Results pending from facility-wide testing event
A positive COVID-19 case at Clay County Care Center in Hayesville prompted our local health department last week to conduct facility-wide testing on 172 residents and staff.
Clay County Health Department Director Stephanie Johnson confirmed that a resident had tested positive, but declined to give further information to protect the person’s identity.
“The individual is in isolation at a local hospital,” Johnson said.
“As a result of having a confirmed positive case, we initiated a facility-wide testing initiative,” said Johnson. “This is a part of our Long Term Care Facility Action Plan that we completed in May that walks through such an occurrence step-by-step with standardized protocols in place that address staffing concerns and assistance, the arrangement of outside care needs, transportation needs and equipment needs both anticipated and contingent plans.”
On July 9, health department workers conducted the second facility-wide COVID-19 tests at the care center since April 17. In April the health department tested 178 people there, all of which returned negative. Testing was conducted as a precaution after a staff worker presented symptoms at a local emergency department, but that person’s test returned negative.
When asked if the July testing went as smooth as April Johnson said it did, but acknowledged both rounds of testing have been learning experiences.
“All-in-all, this process went very smooth. From start to finish the entire testing period was less than three hours for almost 200 people,” she said. “We had taken a lot of lessons learned from the first testing we did in April and applied it to the latest round, but we also learned new ways to operate from this experience as well. Overall, I am thrilled with the collaboration between all of our staffs that made this possible.”
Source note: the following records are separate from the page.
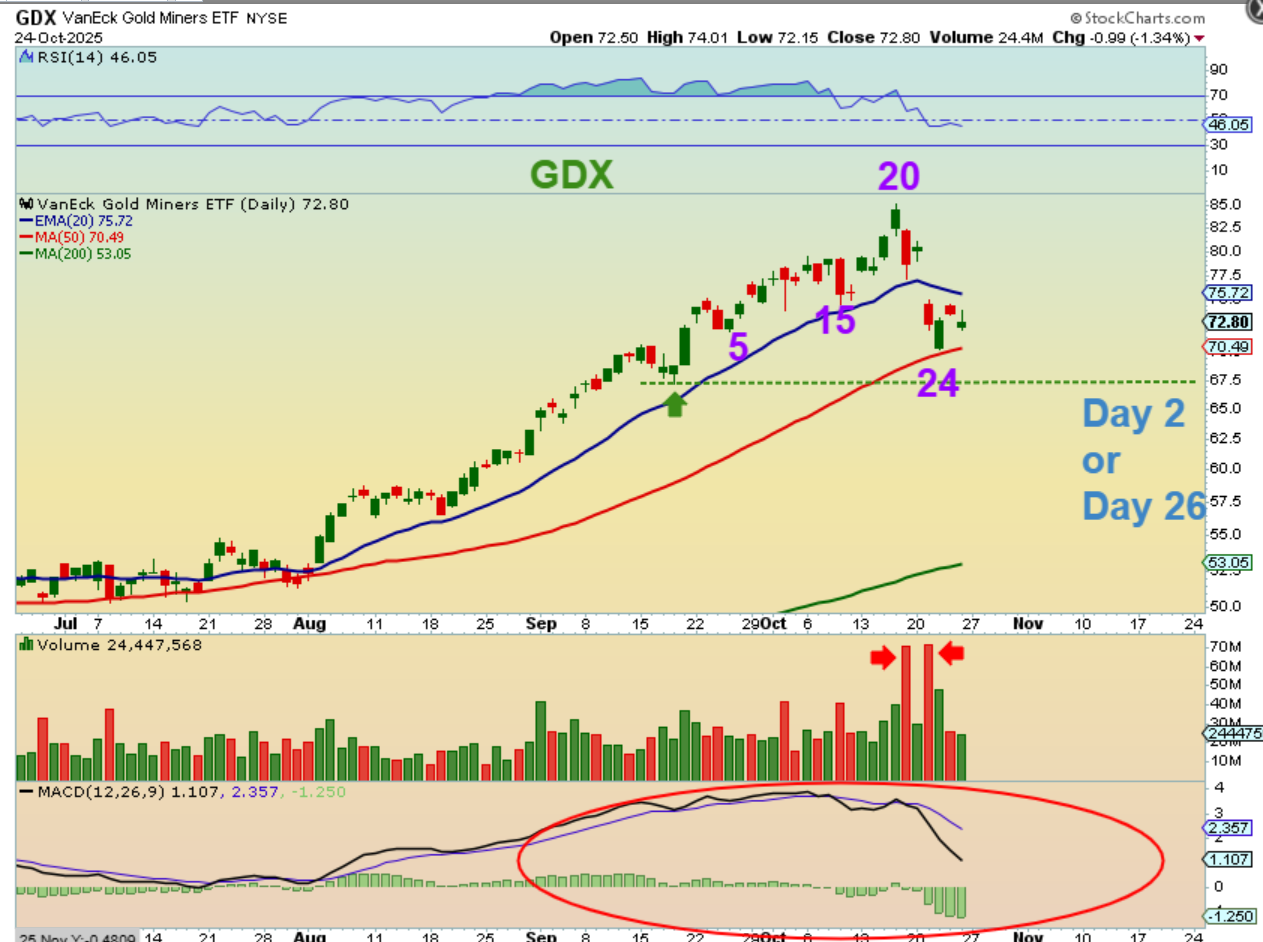 GDX – I did not like the MACD on GDX. The Miners dropped sharper than Gold & Silver. They often lead the way when smart money is buying or selling. We currently have a peak on day 20 and a low at day 24, but this also could drop one more time to give us a day 30ish dcl rather than day 24. Now take a look at that volume…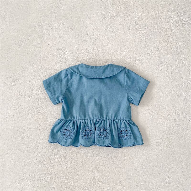 【海外からの取り寄せ】2024夏新作 ベビー服 女の子 デニム セットアップ 刺繍 半袖 シャツ ブルマー 可愛い 子供服 #[ckd1093586_20700]【送料込み】【250426】
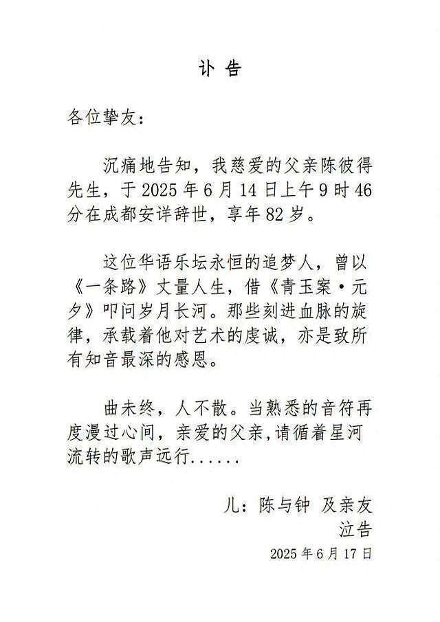 陈彼得厌世的讣告,就所以陈与钟的格局发布的。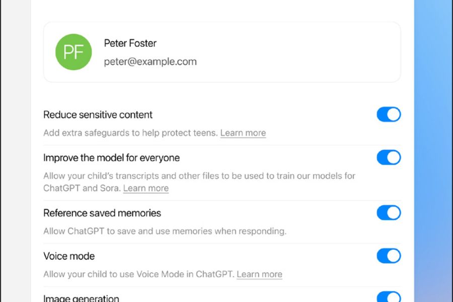 Ngoài ra, tính năng kiểm soát này còn cho phép tùy chỉnh nâng cao như tắt chế độ thoại (voice mode), vô hiệu hóa bộ nhớ trò chuyện (memory), hay ngăn việc sử dụng dữ liệu để huấn luyện mô hình. Phụ huynh cũng có thể tắt khả năng tạo hình ảnh bằng DALL-E nhằm hạn chế tiếp xúc với nội dung hình ảnh không phù hợp. Toàn bộ các thiết lập đều được quản lý thông qua trung tâm điều khiển dành riêng cho phụ huynh, nơi OpenAI còn tích hợp hướng dẫn và lời khuyên từ các chuyên gia tâm lý giúp cha mẹ vừa bảo vệ, vừa đồng hành cùng con trong quá trình học hỏi và khám phá thế giới AI một cách an toàn.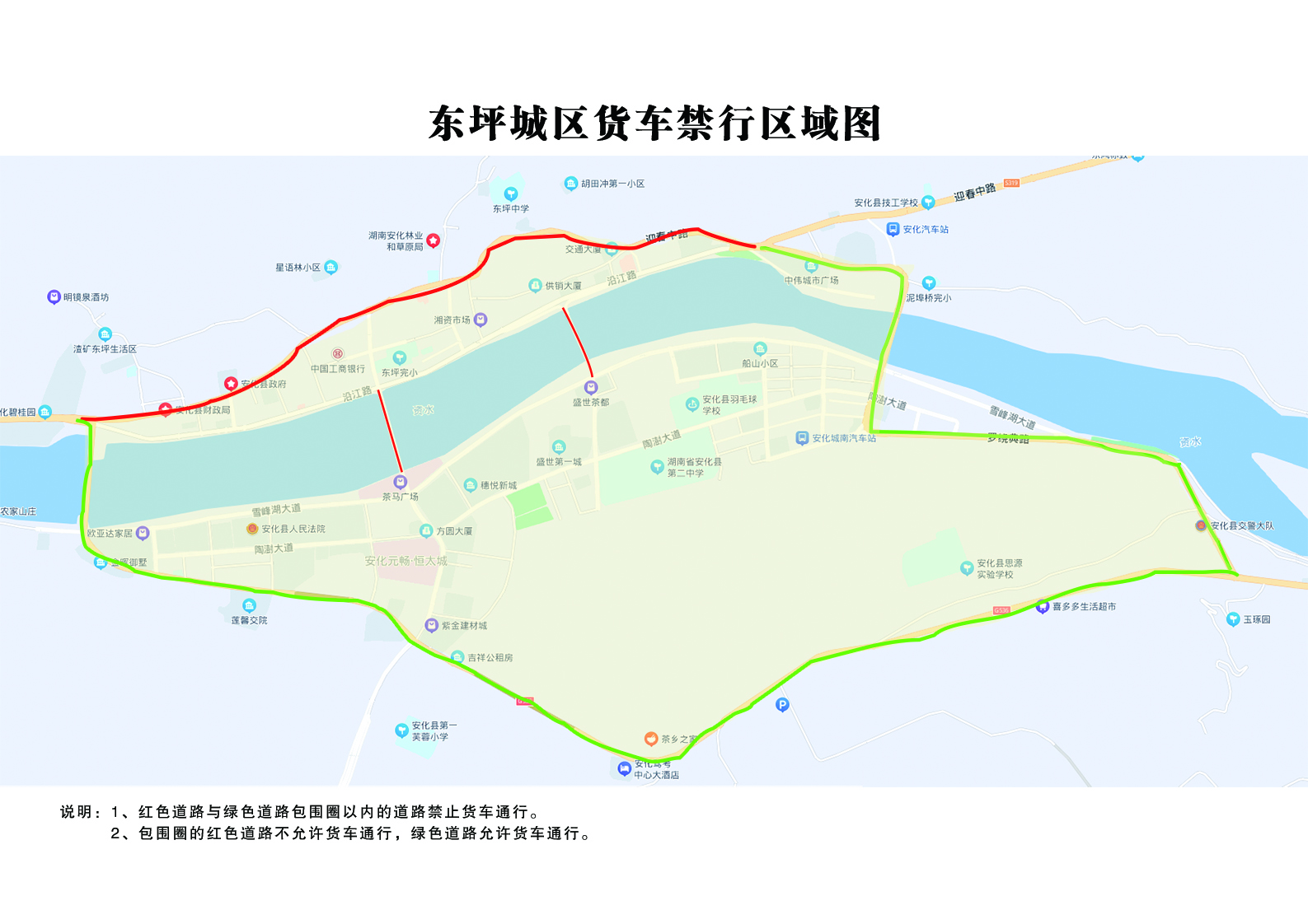 迎春路与G536城南线合围区域内禁止所有过境货车通行(低水坝与G536城南线,资江路、资江一桥与罗绕典路可通行)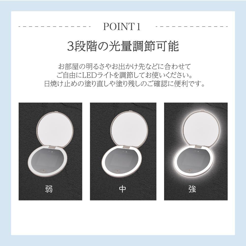 【多機能で日焼け止めの効果をサポート】LEDライトや拡大機も付属しており、肌をきめ細やかに確認出来ます。商品も小さいのでハンドバッグに入れやすく、長持ちするバッテリーのため外出時にオススメのメイクミラーです。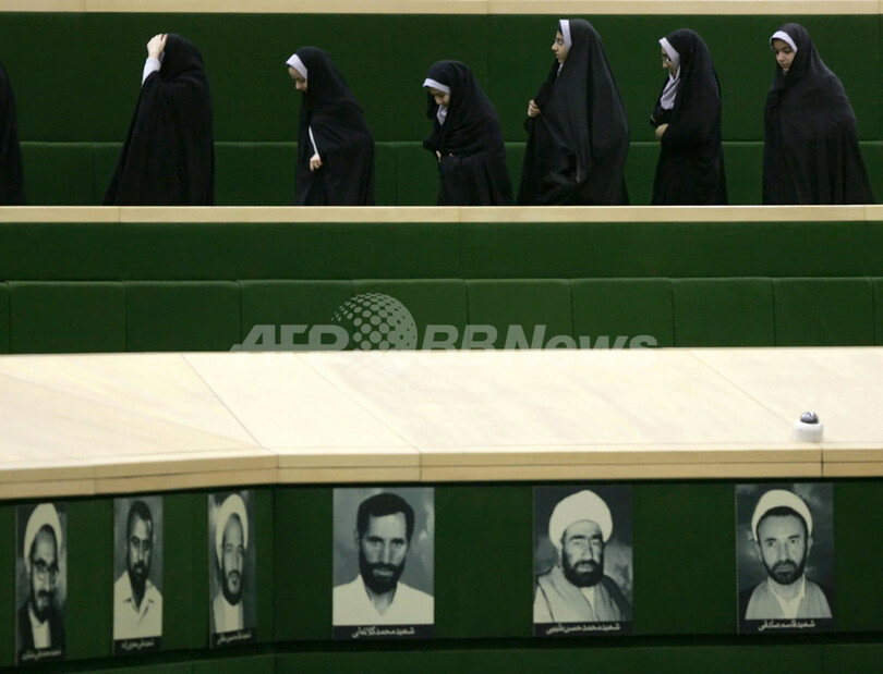 【テヘラン/イラン 3日 AFP】首都テヘラン(Tehran)で2日、国会議員および大統領選挙の選挙権を持つ年齢を現在の15歳から18歳に引き上げる法案が政府の反対を押しのけて可決された。法案が法として成立するためには、さらにすべての立法について調査する護憲評議会(Guardians Council)の厳しい審査を通らなければならない。写真は議場を後にする女学生たち。(c)AFP/BEHROUZ MEHRI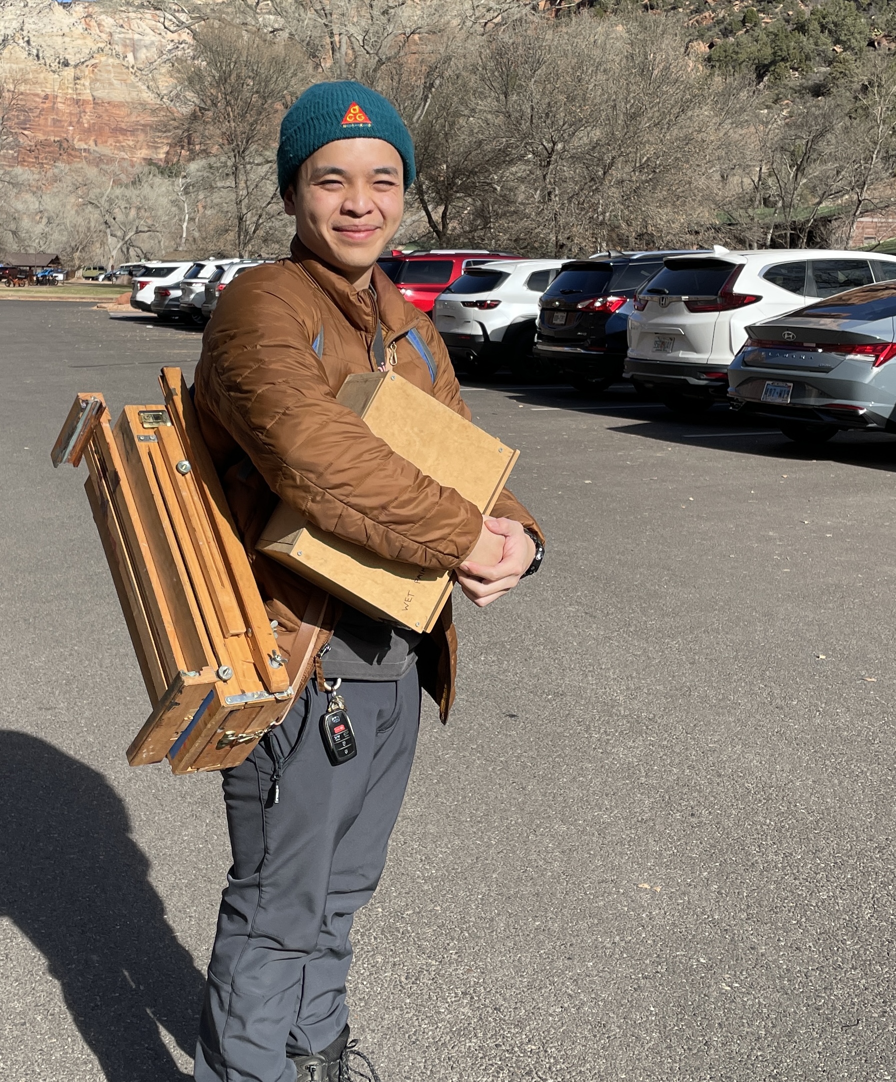 I am currently an electrical engineer at Quartus Engineering. I got my B.S. and M.S. degrees from UC San Diego, where I was a researcher at the Integrated Electronics and Biointerfaces Lab supervised by Dr. Shadi Dayeh. If I'm not home hanging out with my amazing partner, playing guitar, tending my garden, admiring my tarantulas, or decorating fish tanks, I'm probably somewhere really far away with my portable easle, painting nature in front of me.

Results from last week’s care center tests are expected by July 17.
“We are anticipating all test results will be in no later than Friday based on the current wait times we are seeing with Lab Corp,” Johnson said.
In the meantime as has been the case since mid-March, the care center is closed to visitors and residents are not participating in group activities. Other steps have been taken as well.
“I was told the CCCC administration and nursing staff have increased their isolation protocols past what they were doing before,” said Johnson. “Staff is using extra caution with the utilization of full PPE donning for each resident and they have increased disinfection and sterilization protocols past the additional measures they enacted previously. “
Overall in Clay County, 504 people have been tested. As of Tuesday, 481 returned negative, 22 were positive and 13 were reported as recovered. There are nine active positive cases and results of 23 other tests are pending, according to the health department’s most recent update on July 14.
The 504 total reflects the April facility-wide testing at the care center, but not the July event.
When asked if there were any common threads as far as location, etc., in contact tracing positive cases in the county, Johnson said nothing specific has been defined.
“We will be releasing information later this week about some of the trends we have been noticing in testing as well as the positive cases we have had,” she said. “I will say there has been no defined common thread that stands out in terms of one particular potential transmission location for our county.”
Last week, Gov. Roy Cooper announced that testing may be requested without a doctor’s referral. In addition, testing sites have been established mostly in central North Carolina, but at this point no location or date has been announced for Clay County.
“We know that prevention methods work: washing hands for a minimum of 20 seconds with soap and hot water, wearing masks and using social distancing,” Johnson said in this week’s COVID update. “We know that more than half of our residents that have had positive tests have recovered and we know that our professional staffs are competent and capable of handling what comes our way. Lastly, we know that our community has supported us and our neighbors during this time, for which we are grateful.”